To solve these problems due to the wrong determined sub-region, the proposed scheme calculates the quality indicator, \( Q_{amp} \), using (16). The quality indicator is calculated using the difference between the current quality level and the minimum quality level, \( l_{min} \), or the maximum quality level.

$$ Q_{amp} = \left\{ {\begin{array}{*{20}c} {0,} & {if\; \left| {l_{min} - \hat{l}_{n} } \right| \le \left| {l_{max} - \hat{l}_{n} } \right|} \\ {1,} & {else} \\ \end{array} } \right. $$
(16)

As shown in Fig. 4, after the downloading the segment, if the value of \( Q_{amp} \) is 0, the upper sub-regions switch to the lower sub-regions, whereas, if the value is 1, the lower sub-regions switch to the upper sub-regions. However, when the sub-regions switch to other sub-regions frequently, the unnecessary quality changes occur because of the abrupt changes in the control strategy. Therefore, the proposed scheme switches the sub-regions to other sub-regions only when the bandwidth utilization of the current segment exceeds the length of the segment.

Fig. 4.
figure 4

Switching of the sub-regions (left: \( Q_{amp} \) is 0, right: \( Q_{amp} \) is 1)

4 Performance Evaluation

In order to evaluate the performance of the proposed scheme, we constructed a network topology as shown in Fig. 5 and implemented the HTTP adaptive streaming player with an NS-3 (Network Simulator) [10]. In the wireless environment as shown in Fig. 6, we evaluate the performance between the proposed scheme and the existing quality control schemes.

Fig. 5.
figure 5

Network topology.

Fig. 6.
figure 6

Available bandwidth in wireless networks.

The server offers seven video qualities including 750, 1250, 1750, 2250, 3000, 3750, 4500 kbps, and the length of the segment is set to 2 s. The experiments are performed for 200 s, and we compare the performance of the proposed scheme to two existing schemes, the conventional scheme [5] and BBA [6].

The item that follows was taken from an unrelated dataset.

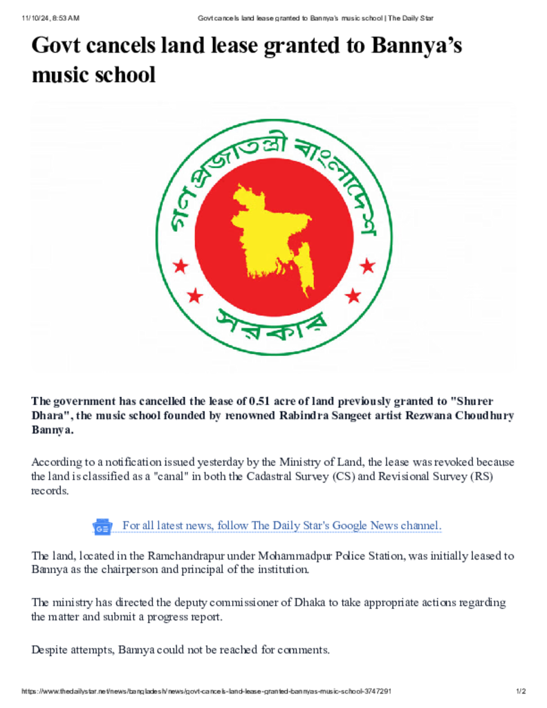 Govt cancels land lease granted to Bannya’s music school _ The Daily Star.pdf

Figure 7 shows the changes in the video quality level and the buffer level of each scheme. All schemes do not experience the buffer underflow, but the conventional scheme changes the quality level unnecessarily because it selects the quality level based on the inaccurately measured bandwidth. BBA experiences a high number of the quality level changes because the buffer level fluctuates near the buffer thresholds. The proposed scheme selects the quality level by using the buffer underflow probability and the instability, instead of using the measured bandwidth. Therefore, the proposed scheme minimizes the unnecessary quality changes.

Fig. 7.
figure 7

Changes in the quality level (left) and the buffer level (right).

Figure 8 shows the QoE comparison of the quality control schemes. The average video quality of the conventional scheme and BBA are lower than the proposed scheme, and the changes in the quality level of the proposed scheme are almost one-third of the compared schemes.

Fig. 8.
figure 8

QoE comparison of the quality control schemes.

5 Conclusion

In this paper, we have proposed the adaptive quality control scheme to improve QoE of video streaming in wireless networks. For quality control, the proposed scheme calculates two factors, the buffer underflow probability and the instability. Based on these factors, the proposed scheme defines the quality control region that consists of four sub-regions and applying different control strategy according to each sub-region. The proposed scheme selects the quality level using the control strategy of the determined sub-region. Experimental results have shown that the proposed scheme improves QoE by minimizing the unnecessary quality changes and the risk of the buffer underflow and maximizing the average video quality.

In future work, we plan to implement the proposed scheme in a real video player and evaluate the performance using complicated network scenarios with other quality control schemes.